金融庁や日本FP協会などが提供するライフプランシミュレーションや家計管理の教材を活用すると、収支の見通しを具体的な数字で確認しやすくなります。
無理のない返済額から導いた購入予算内で物件を探すことが、価格変動の影響を受けにくい堅実な判断につながります。
次に、住宅ローンの金利動向や制度面を確認しながら、購入のタイミングを検討することが重要です。
変動金利や固定金利の水準、今後の金利見通しについては、金融機関や専門サイトが公表している金利一覧や解説記事を定期的に確認するとよいでしょう。
また、住宅ローン減税などの税制優遇は適用条件や控除期間が税制改正で見直されることが多いため、国税庁や国土交通省など公的機関の情報で最新の内容を確認することが欠かせません。
こうした制度面を踏まえて、「いつまでに入居する必要があるか」「今と数年後の家計負担はどう変わるか」を比較しながら、慌てずに購入時期を判断していきます。
さらに、希望するエリアの相場と将来の街の変化を調べ、「自分にとって納得できる価格か」を見極める視点も必要です。
相場については、公的な地価公表資料や不動産価格指数、統計資料などを参考にしながら、過去から現在までの水準と変動の幅を確認します。
あわせて、自治体や国土交通省が公表している都市計画やインフラ整備の計画、人口動態のデータなどから、今後の生活利便性や居住ニーズの変化を把握することも役立ちます。
このように、現在の相場と将来の街の姿を多角的に確認したうえで、「その価格で長く安心して住み続けられるか」という基準で判断することが、賢いマイホーム購入につながります。
| 判断軸 | 確認する内容 | 主な情報源 |
|---|---|---|
| 家計と予算 | 収支の見通しと返済余力 | 家計簿やライフプラン表 |
| 金利と制度 | 金利水準と税制優遇 | 金融機関や公的機関 |
| エリアと相場 | 価格水準と将来性 | 統計資料や公表データ |
まとめ
不動産価格は、建築費や人件費の上昇、人口集中や再開発などを背景に、今後も上がる可能性が高いと言われています。

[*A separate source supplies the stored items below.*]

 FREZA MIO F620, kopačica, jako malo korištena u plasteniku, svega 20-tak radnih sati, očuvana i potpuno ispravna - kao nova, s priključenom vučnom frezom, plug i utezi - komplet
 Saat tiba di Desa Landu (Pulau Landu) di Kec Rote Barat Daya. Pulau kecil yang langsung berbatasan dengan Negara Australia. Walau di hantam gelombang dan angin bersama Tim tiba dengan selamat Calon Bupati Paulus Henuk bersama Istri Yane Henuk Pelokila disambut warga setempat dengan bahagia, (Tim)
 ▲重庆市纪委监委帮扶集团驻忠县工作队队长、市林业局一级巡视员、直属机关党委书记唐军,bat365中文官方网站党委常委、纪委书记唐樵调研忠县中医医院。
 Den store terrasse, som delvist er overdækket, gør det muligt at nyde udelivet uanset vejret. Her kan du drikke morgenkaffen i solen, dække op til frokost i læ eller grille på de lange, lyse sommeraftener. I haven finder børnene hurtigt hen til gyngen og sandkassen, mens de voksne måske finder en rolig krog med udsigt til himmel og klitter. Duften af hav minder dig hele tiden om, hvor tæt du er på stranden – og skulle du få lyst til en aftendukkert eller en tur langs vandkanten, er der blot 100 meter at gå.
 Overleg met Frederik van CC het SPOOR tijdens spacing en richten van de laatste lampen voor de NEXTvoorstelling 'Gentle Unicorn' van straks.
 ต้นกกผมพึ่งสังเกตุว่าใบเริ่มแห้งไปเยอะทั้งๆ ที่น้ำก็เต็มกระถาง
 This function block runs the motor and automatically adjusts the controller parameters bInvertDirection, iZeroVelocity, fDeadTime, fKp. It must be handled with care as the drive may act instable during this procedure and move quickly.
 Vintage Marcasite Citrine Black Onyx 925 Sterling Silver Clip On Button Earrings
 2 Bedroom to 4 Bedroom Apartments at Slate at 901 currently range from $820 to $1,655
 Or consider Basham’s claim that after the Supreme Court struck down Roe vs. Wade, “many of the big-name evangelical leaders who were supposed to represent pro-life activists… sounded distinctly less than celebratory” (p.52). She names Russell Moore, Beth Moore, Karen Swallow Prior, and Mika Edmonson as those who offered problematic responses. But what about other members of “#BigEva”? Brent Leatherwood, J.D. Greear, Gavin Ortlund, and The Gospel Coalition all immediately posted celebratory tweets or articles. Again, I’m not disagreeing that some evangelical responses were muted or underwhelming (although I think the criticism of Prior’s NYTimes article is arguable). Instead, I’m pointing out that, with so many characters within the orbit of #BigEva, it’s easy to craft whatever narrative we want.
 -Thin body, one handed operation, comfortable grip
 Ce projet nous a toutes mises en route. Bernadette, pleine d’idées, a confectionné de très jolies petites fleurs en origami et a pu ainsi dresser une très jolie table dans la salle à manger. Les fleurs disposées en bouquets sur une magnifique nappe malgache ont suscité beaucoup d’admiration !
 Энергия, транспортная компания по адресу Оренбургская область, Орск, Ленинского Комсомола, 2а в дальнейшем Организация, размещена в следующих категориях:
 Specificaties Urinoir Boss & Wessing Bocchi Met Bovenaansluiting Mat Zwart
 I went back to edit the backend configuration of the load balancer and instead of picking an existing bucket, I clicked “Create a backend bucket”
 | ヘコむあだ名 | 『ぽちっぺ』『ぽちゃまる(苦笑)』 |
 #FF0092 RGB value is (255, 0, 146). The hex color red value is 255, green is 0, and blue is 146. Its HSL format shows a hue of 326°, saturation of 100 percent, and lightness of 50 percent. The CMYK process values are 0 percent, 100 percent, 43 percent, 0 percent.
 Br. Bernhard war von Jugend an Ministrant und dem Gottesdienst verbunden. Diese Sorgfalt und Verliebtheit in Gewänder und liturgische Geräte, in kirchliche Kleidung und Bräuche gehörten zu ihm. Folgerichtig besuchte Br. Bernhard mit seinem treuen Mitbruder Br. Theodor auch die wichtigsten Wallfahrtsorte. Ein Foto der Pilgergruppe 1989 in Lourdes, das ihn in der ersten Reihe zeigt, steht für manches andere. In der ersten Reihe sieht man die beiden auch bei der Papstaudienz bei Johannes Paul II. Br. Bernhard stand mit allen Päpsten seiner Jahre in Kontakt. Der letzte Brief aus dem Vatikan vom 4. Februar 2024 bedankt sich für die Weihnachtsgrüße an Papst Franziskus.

一方で、金利上昇や景気悪化、供給過多などで下落に転じるリスクもあり、エリアや築年数による二極化も想定されます。
将来の価格を正確に読むことは難しいため、家計とライフプランから無理のない予算を決め、住宅ローンや税制優遇の内容を確認しながら検討することが大切です。
希望エリアの相場と街の将来像をよく調べ、「自分にとって納得できる価格か」を冷静に見極めていきましょう。